TASK REQUIREMENTS = An exact copy of all the data is required, with pictures left out.

Saved entries =
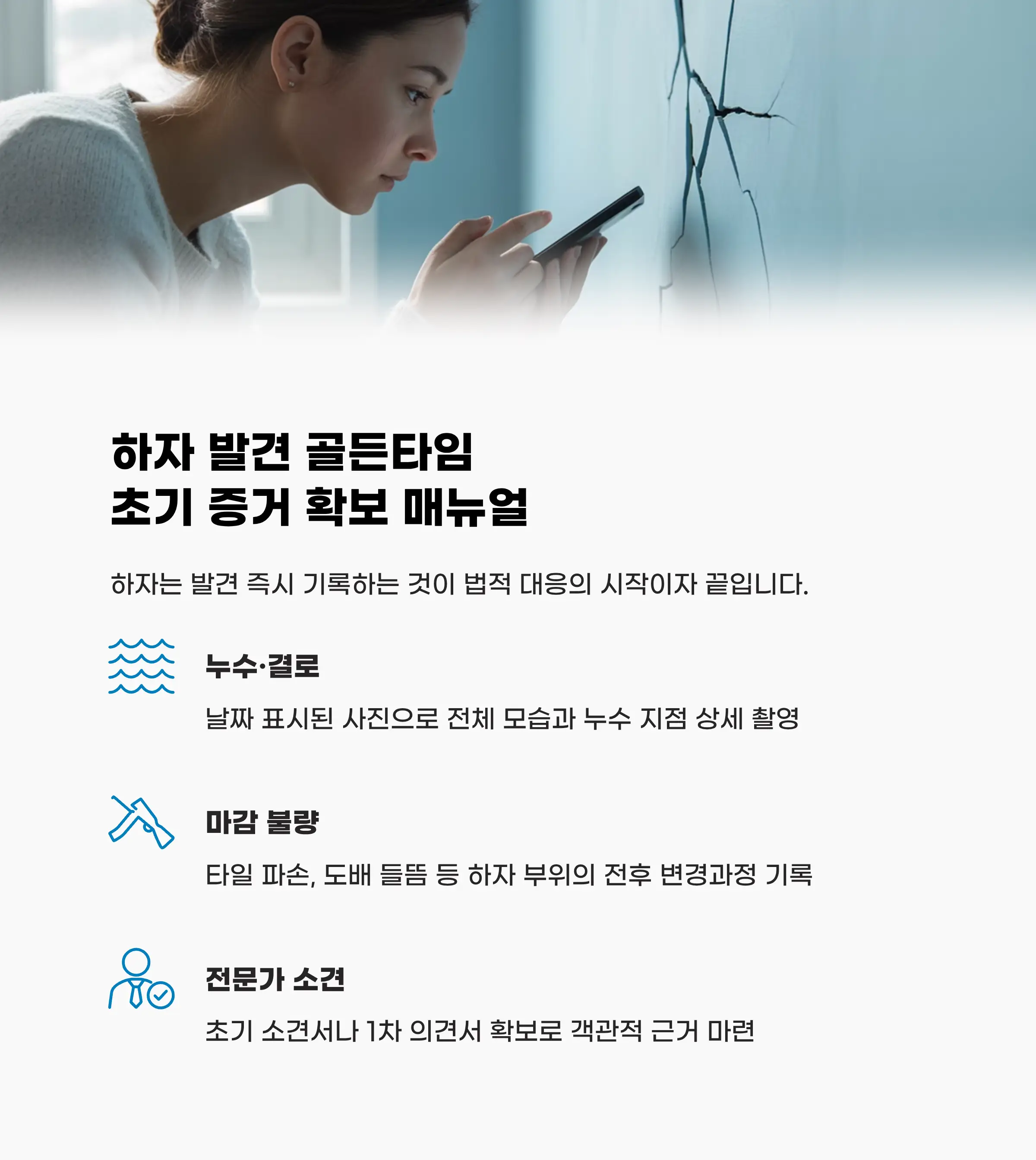 하자는 발견 즉시 기록하는 것이 법적 대응의 시작이자 끝입니다. 골든타임을 놓치면 입증이 어려워집니다.
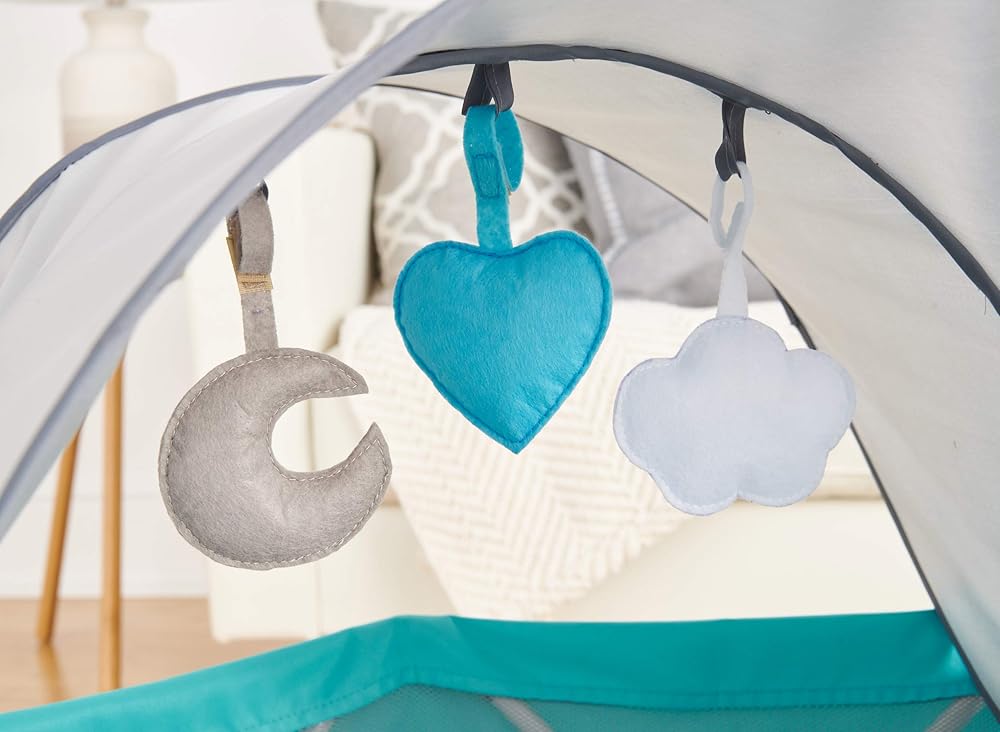 SENSORY: the included toys overhead grab your baby's attention and encourage eye tracking; Includes a moon, heart and cloud that hang from the canopy and are removable
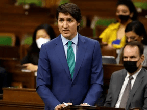 Premierminister Justin Trudeau spricht im Unterhaus über die Umsetzung des Notstandsgesetzes in Ottawa, 17. Februar 2022. FOTO VON PATRICK DOYLE / REUTERS
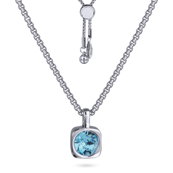 Изготовлено из ювелирного сплава на основе латуни с гальваническим покрытием родием. Изделие украшают кристаллы SW аквамаринового цвета диаметром 8мм. Размер кулона 1.5х1см. На цепочке установлен бегунок регулировки длины. Максимальная длина 70см.
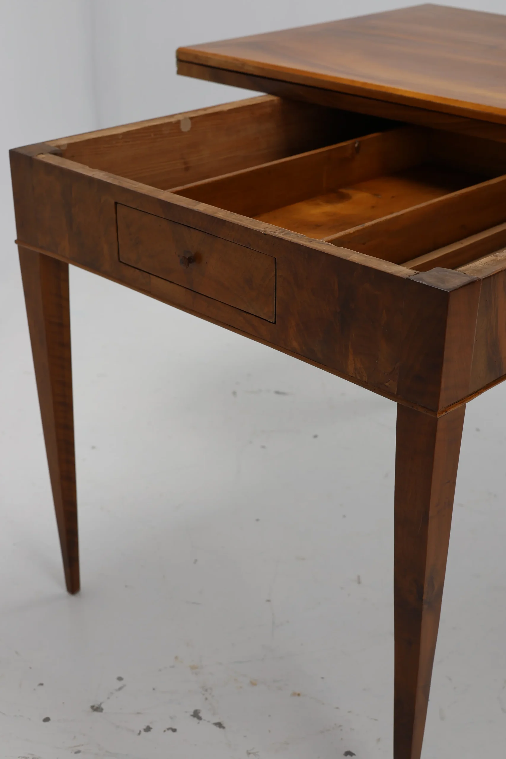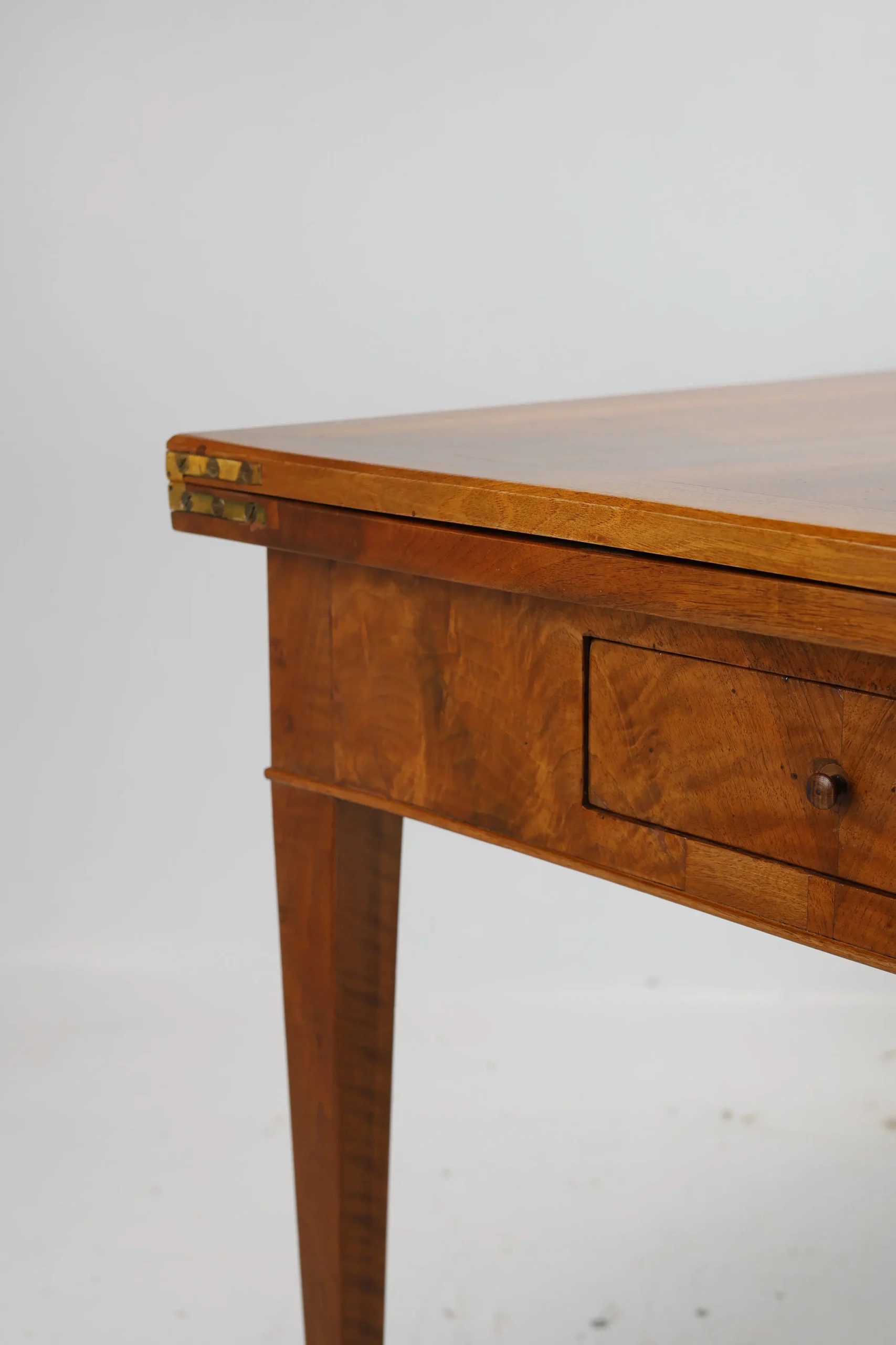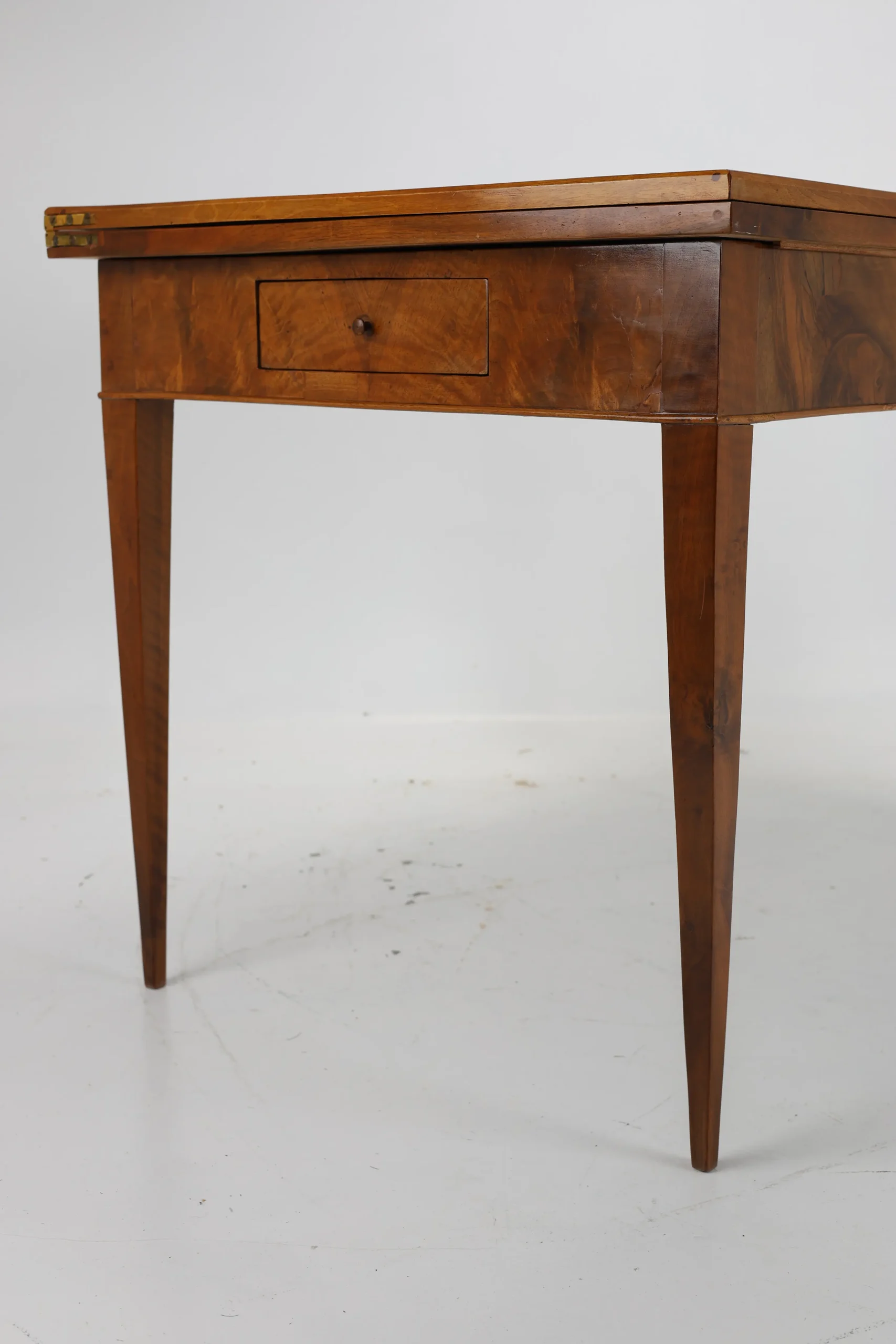 This original Biedermeier dining table, dating back to around 1820, is a true testament to the elegance and craftsmanship of the era. Made from solid walnut wood, it showcases a stunning and harmonious grain pattern that adds a touch of warmth and sophistication to any space.
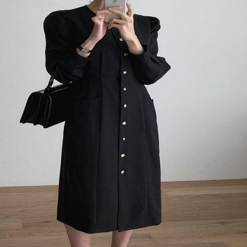 여성 5컬러 캐주얼 원피스 퍼프소매 라운드 롱원피스 WFJG31A

SOLUTION FOR THIS TASK =
 하자는 발견 즉시 기록하는 것이 법적 대응의 시작이자 끝입니다. 골든타임을 놓치면 입증이 어려워집니다.
 SENSORY: the included toys overhead grab your baby's attention and encourage eye tracking; Includes a moon, heart and cloud that hang from the canopy and are removable
 Premierminister Justin Trudeau spricht im Unterhaus über die Umsetzung des Notstandsgesetzes in Ottawa, 17. Februar 2022. FOTO VON PATRICK DOYLE / REUTERS
 Изготовлено из ювелирного сплава на основе латуни с гальваническим покрытием родием. Изделие украшают кристаллы SW аквамаринового цвета диаметром 8мм. Размер кулона 1.5х1см. На цепочке установлен бегунок регулировки длины. Максимальная длина 70см.
 This original Biedermeier dining table, dating back to around 1820, is a true testament to the elegance and craftsmanship of the era. Made from solid walnut wood, it showcases a stunning and harmonious grain pattern that adds a touch of warmth and sophistication to any space.
 여성 5컬러 캐주얼 원피스 퍼프소매 라운드 롱원피스 WFJG31A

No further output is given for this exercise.